Over 6 months, we ran transformational journeys on 5 brands, using totally new approaches. We leveraged different thinking models - such as Believer’s Pyramid, a tool that allows us to develop brand positionings that are rooted in human and cultural tensions, which integrates a brand’s purpose from early on. The new ways stuck: the brand teams loved them, shared them, got results. We learned what was working best, and gradually solidified these approaches into simple, duplicable formats.

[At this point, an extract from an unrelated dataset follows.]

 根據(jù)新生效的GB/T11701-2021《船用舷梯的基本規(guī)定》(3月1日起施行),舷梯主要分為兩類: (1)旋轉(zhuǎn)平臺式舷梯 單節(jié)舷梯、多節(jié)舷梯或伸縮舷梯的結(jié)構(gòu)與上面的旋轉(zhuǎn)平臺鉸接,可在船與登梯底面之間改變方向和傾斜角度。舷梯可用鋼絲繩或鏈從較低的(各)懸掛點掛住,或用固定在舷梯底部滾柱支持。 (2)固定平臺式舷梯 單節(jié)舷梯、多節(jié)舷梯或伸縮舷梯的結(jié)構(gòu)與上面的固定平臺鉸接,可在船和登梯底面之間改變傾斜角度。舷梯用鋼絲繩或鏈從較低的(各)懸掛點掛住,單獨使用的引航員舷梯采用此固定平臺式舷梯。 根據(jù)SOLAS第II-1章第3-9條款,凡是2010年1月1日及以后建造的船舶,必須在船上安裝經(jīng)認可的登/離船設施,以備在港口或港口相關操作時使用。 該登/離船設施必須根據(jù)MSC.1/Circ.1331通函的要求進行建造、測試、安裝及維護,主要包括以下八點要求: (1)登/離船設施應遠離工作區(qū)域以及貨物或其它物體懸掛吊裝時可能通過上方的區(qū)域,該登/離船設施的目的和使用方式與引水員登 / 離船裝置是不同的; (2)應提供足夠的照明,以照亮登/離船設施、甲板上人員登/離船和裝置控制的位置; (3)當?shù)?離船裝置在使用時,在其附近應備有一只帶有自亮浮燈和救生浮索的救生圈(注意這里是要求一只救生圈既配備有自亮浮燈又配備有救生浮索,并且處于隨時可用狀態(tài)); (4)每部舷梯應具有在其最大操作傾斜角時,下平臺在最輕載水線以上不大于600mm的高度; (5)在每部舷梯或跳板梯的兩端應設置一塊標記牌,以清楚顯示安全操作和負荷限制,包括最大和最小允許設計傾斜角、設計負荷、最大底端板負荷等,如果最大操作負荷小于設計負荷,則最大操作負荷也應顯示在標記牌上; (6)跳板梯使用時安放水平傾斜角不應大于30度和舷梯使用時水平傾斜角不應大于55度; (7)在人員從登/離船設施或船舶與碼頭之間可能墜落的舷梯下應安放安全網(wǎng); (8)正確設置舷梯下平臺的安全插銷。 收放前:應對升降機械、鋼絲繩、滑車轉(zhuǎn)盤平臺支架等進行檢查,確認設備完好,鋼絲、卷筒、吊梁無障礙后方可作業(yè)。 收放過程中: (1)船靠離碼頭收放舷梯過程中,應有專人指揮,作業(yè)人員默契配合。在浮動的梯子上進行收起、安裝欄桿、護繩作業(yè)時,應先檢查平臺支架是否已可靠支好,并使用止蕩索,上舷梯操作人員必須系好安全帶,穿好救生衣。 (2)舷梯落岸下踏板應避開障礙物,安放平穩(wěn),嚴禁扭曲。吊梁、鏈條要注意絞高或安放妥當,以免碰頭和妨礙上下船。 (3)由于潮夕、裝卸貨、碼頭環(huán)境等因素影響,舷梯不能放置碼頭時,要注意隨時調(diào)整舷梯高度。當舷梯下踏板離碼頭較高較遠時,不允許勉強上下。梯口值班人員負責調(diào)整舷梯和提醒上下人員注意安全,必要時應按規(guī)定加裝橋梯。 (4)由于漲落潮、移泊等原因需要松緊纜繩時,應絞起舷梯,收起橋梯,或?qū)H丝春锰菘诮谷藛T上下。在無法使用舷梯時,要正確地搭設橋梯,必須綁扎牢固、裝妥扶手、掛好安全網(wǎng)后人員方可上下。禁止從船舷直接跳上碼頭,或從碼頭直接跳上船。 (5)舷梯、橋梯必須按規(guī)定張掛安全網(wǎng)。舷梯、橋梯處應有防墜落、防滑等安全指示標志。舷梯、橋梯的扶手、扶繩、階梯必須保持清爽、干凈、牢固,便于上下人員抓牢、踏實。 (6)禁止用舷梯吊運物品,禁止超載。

After prototyping, we could move into a phase of solidification.
A new “Brand Love Key” was designed and approved: with it, Unilever probably became the first company in the world to integrate the “purpose" and "sustainability strategy” of its brands at the very core of their strategy documents.
3. Brand Deep Dives
4. Immersions
The new ways we had designed to arrive at richer positioning with the “prototype” brands were solidified into the “Brand Deep Dive” methodology. The Brand Deep Dives deeply changed the approach used for positioning development, by rooting the process in immersive conversations between a broad team of marketers and the people who used their brand.
One of the elements prototyped with the teams was the “Immersions”. Unilever had a habit of conducting “consumer connects”: marketers would visit consumers, spend 45 minutes at their homes, and talk about their brand and products. The Immersions reinvented the process, guiding the marketers into spending two full hours at a consumer’s house, to build a deep, human conversation about the themes that the brand is rooted in. On hair products, they would speak about self-image, about relationships, about success and appearance. On food products, they would speak about family and family rituals, about pleasure, about sharing…
Developing a positioning for a global brand ceased to be an exercise run by a brand VP and the agency planner located in a HQ London office. It became a crowd-sourced exercise, involving teams in various locations that tapped into the people-topeople empathy they built with their consumers. Today, the Brand Deep Dives have been turned into a standard approach to develop brand positioning, leading to better and deeper strategic brand constructs.
The marketers who were part of the program learned to use empathy, to be touched by the people they visited, and understand how their lives were motivated by aspirations, tensions – but they also understood how their brand was deeply rooted in these human tensions. They came back changed, and their work became deeper.
So the Immersions were turned into a standard approach. Innate Motion trained over 300 people within Unilever’s extensive research organization, so they could train their colleagues to use the new approach. In a matter of months, 7,000 marketers went through the program.
5. Storytelling As these programs were rolled out, Innate Motion helped the marketing leadership team to communicate internally and effect change throughout the organization. Presentations, books, online materials were created, to help the change travel. We even wrote thought leadership pieces for publications in newspapers like the Guardian: change is slow at Unilever, and for people inside, seeing reports in the media about what is changing in their organization helps make these changes real. And it continues‌ Unilever is thriving. Some of the brands we have helped rebuild, like Hellmann’s or Sunsilk, are back achieving aggressive growth after many years of struggle. But more work is needed to help the organization further its ambition. Today as our next company-wide project, we are working with Unilever to deepen the integration of sustainability into their marketing activities.